When a Soviet-controlled regime falls apart, what happens to all of its stuff? It ends up in L.A. apparently.
For 40 years, East Germany remained closely veiled in secrecy and tightly monitored government propaganda. After the fall of the Berlin wall in 1989, it was decided that the GDR’s trace be altered as swiftly as possible (monuments, street names, and the like). The past tends to make people uncomfortable (as the Southland’s own self-imposed fantasies can attest to). Which leads to rather haphazard methods of properly documenting culturally significant items. In steps 25-year old Oxford grad student Justinian Jampol in 2002.
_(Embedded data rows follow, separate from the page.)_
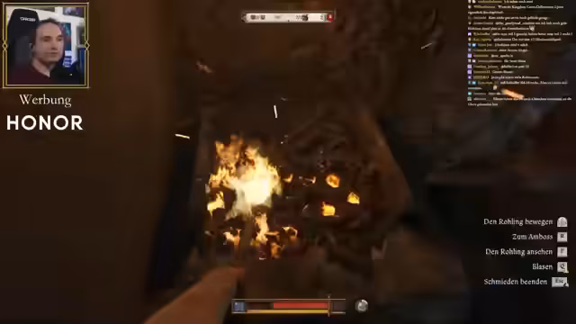 01:43:09Der Streamer beginnt mit dem Schmiede-Tutorial, indem er ein Jagdschwert herstellen muss. Der Prozess erfordert Präzision: Eisenrohling erhitzen, gleichmäßig bearbeiten und mit Hammer und Amboss formen. Nach mehreren Versuchen gelingt ihm ein Schwert der Qualität Stufe 3, besser als seine bisherige Ausrüstung. Dieser Erfolg gewährt ihm einen Handwerkspezialisierungspunkt und verschafft ihm sowohl im Spiel als auch bei Zuschaltern Anerkennung.
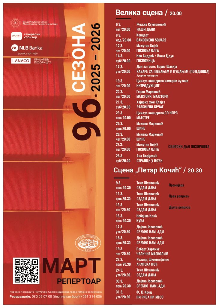 03.03.2026. | 11:38Mart donosi bogat i raznovrstan repertoar za sve ljubitelje pozorišta.
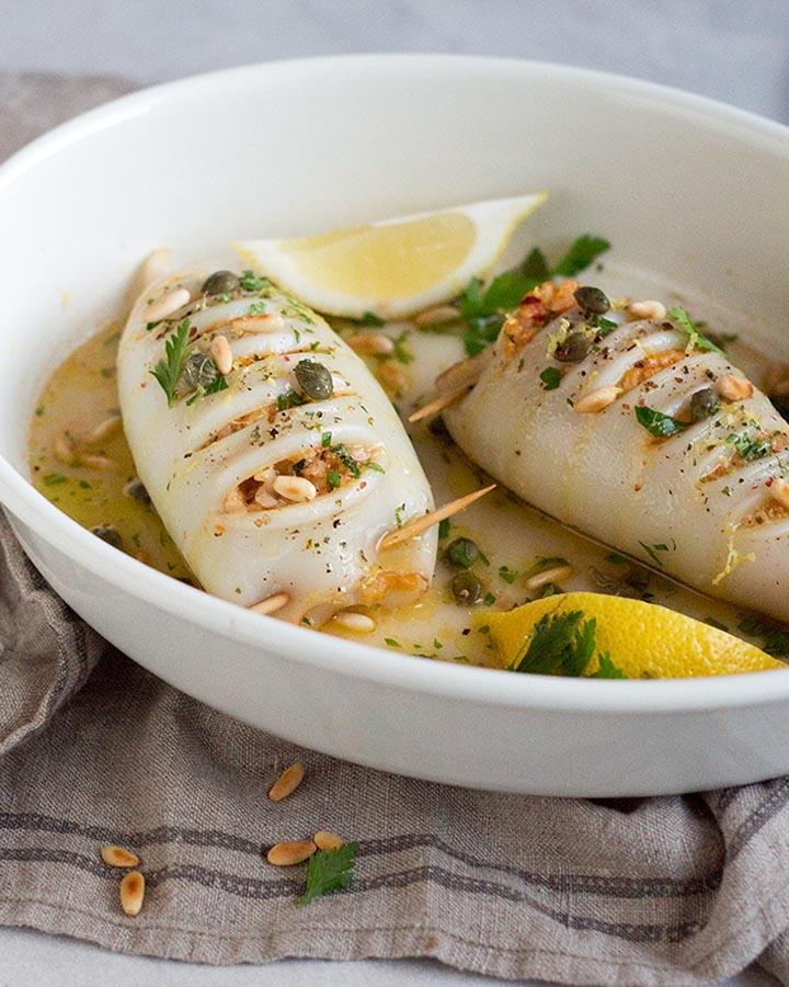 El relleno de arroz es muy sencillo de preparar e introducir en nuestros calamaras y luego, simplemente, al horno o a la plancha. Para completar el plato hago una salsa muy sencilla con vino blanco, zumo de limón, perejil y piñones.

Jampol, frustrated with the lack of research source material at the official East German archive in Berlin, decided to go out and find the most precious relics of the Cold War era before they were lost and forgotten in people’s basements, flea markets, and fall-out shelters. All of this “junk” was not yet recognized as historical, merely politically charged reminders of a very recent past. People really weren’t sure what to do with this stuff, and often donating it to a European museum was risky in a still very divided and sensitive environment.
And thus, the Wende Museum was born, in Jampol’s hometown L.A., housing one of the world’s largest collections of Eastern Bloc artifacts, including Checkpoint Charlie uniforms, wall fragments, consumer products, Stasi spy equipment, and a lot of Lenin heads—with new boxes of memorabilia still arriving every week.
When I visited the Wende last Friday, I thought it was truly bizarre that of all the places to put these orphaned artifacts, Culver City was chosen. Were there even that many Germans in L.A.? (Not really) But then maybe this lack of a history gives it a greater freedom in allowing real discussions about the past and present. People are more open to learning about a past that is not their own. And America really does have a history of presenting fresh starts and anonymity. Los Angeles offered a neutral platform to an international audience about an uncomfortably fresh swatch of history. This city, famous for reinventing itself, can’t yet talk about its own history, but it will offer a table to other areas trying to figure out their own. I marvel at L.A. for this reason. It is such a haphazard, fragmented, mixed-up place that is just crazy enough to allow for some sane global discussion.